Either you are, in fact, close friends, in which case, you can talk about this issue--what kind of stories she might have told about you, how it makes you feel, whether she still does that sort of stuff--and work out a compromise, or realize there is no compromise possible, or you're not close friends, and you can't talk about these things, and you should probably just lose the catty bitch.[1]

It seems like it may well be a one way friendship--she's your best friend or a very close friend, while you're just one of her many friends. Think about how your relationship works. Does she confide in you as much as you do in her? Does she invite you places, or do you do all the inviting? It may be that you're the only one investing in the emotional relationship at all, while she just likes a groupie.

[1] Catty bitchiness relative to actual closeness of friendship.
posted by jacquilynne at 9:32 AM on April 2, 2007


I think the reason this bothers you so much is that you're still judging yourself for your past behavior and problems, which you regard as shameful secrets. Forgive yourself for being a less-than-perfect roommate, accept the past for what it was, and you'll be in a much better position to evaluate your present friendship.
posted by teleskiving at 9:38 AM on April 2, 2007 [1 favorite has favorites]


is she gossiping about you in a hurtful or malicious way, spreading lies, revealing things she knows to be personal and private? Is she taking more from you than you are getting from the friendship? Are you making excuses for her behavior? These are all signs it's time to drop the friendship.

Is she telling people things like "anon always let the dishes pile up, and never cleaned the bathroom"? Not a biggie. Gossip could also mean things like "anon is always doing such cool stuff, and did you know this fab thing about her?" - but if she is snarky often, that's probably not it.

I feel really betrayed now and am wondering what she adds to my life.


What's she add? No clue here, you didn't mention anything that she adds to your life now.
posted by yohko at 10:35 AM on April 2, 2007


When I was a grad student, lots of people in the program shared apartments, and most of them gossiped. None of the negative stuff changed my opinion of the person being gossiped about. (It often gave me a very bad impression of the person doing the complaining. Why were they telling ME about it?) If I'd heard about crimal acts or vicious/dishonest behavior, that probably would have influenced me, but at worst the talk was just complaining.

It doesn't matter so much what she said about you; her attitude is more important. You won't know how to feel about this issue till you figure out if your friend was being unkind or not. If she was just assuming you were thicker-skinned than you actually were, then you can look to the future and keep sensitive stuff to yourself or set some boundaries.
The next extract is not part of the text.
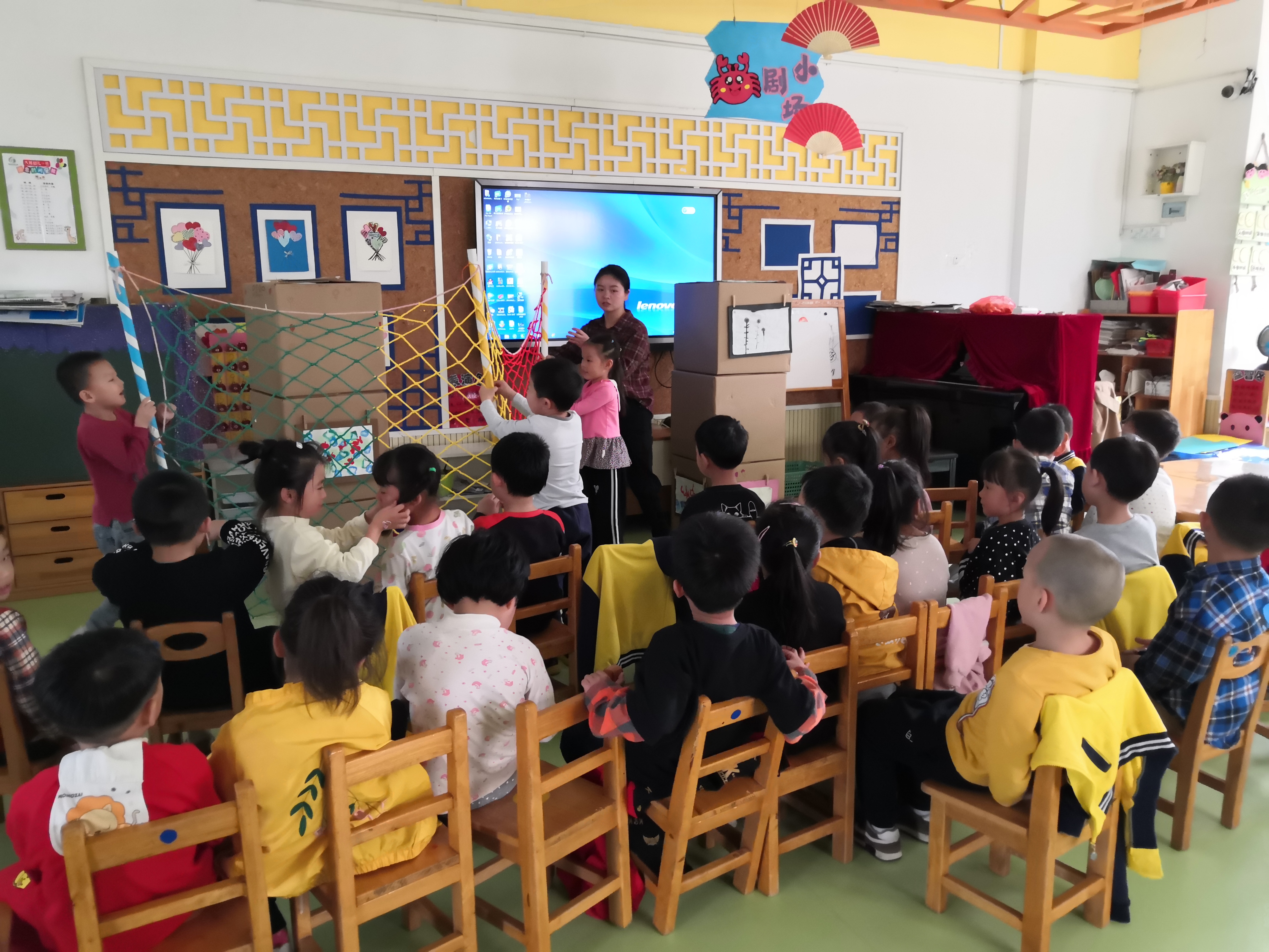 与幼儿园的负责老师联系后我们进入了幼儿园,刚进入幼儿园“快乐、自信、表达、表现”八个大字映入我们眼中,直接将整个幼儿园的核心理念告诉所有人,一切为了孩子。接下来就是将我们每一个人分配到每一个班上去。我很幸运的分到了大二班。

But if she was putting you down just to amuse herself and others, then she wasn't a friend and may not be a friend now.

Can you trust her from here on in? If you feel like you can, then be clear with her what kind of gossip is okay with you. And encourage her to tell you if you do something she doesn't like.
posted by wryly at 10:59 AM on April 2, 2007


Couple of thoughts:

People in intense situations, often gossip to blow steam.
Some people gossip as their form of 'communications' (false trust, false intimacy)

So, much of it likely was harmless.

This 'friend' probably didn't know which stuff shouldn't be gossiped about (and you probably hadn't gauged correctly what level of confidence was appropriate.)
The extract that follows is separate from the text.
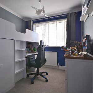 A third generous bedroom with a radiator, ceiling lighting and a double glazed window to the rear elevation.

Many people struggle with these interpersonal limits (and often reveal too much to people; people who should be thought of as aquaintenances, rather than full blown out friends.)

Don't blame her for your mistake in being too revealing in your life (just be a bit more judicious in who you pick to reveal so much to.) But still much of it was her inability to keep her mouth shut (and communicate appropriately about sensitive or personal details.)

That being said, I'd probably do something fairly evil - I'd probably have lunch, remark on her comment, and mention to her about some of your 'group' of friends, would be derisive about her (behind her back of course), in her gossiping ways.

In other words (and never using these words to her)- I'd let her know, that the rest of us, gossiped about how inappropriate we thought her gossiping habits are/were, and how poorly we thought of her as a person; and now, that she realizes it, we're relieved about her realization.
posted by filmgeek at 11:22 AM on April 2, 2007


As others have said, you were an adult in grad school. If you didn't want her to complain about your irresponsibility, then you should have pulled your weight.

Anyway, you're making a couple of assumptions. Based on an off-hand comment, you assume that she resents you for not pulling your weight years ago, and you assume that she gossiped about your personal problems and that she continues to do so. Are these assumptions justified? It seems to me that the only way to know for sure is to talk to her. You're asking random strangers on the Internet if we think you ought to cut this woman out of your life. You should be talking to her about these things.
posted by smorange at 11:23 AM on April 2, 2007


I'd just let it go -- not necessarily let HER go -- while, obviously, no longer assuming that she has your back in all things, if ever that assumption was warranted.

But the whole four years we lived together during the program she never said a single word to me about it. Honestly, not a single word.

Boy, I wish I had your confidence about these things. Nothing elliptical, even, like "I sure wish people in this house would pick up after themselves"?

but it’s beyond me that she could be angry about that for years without telling me what she wanted.

Are you so sure she was angry for years, as opposed to occasionally being miffed and venting? If she was shaking with rage, you would have parted company as roommates earlier.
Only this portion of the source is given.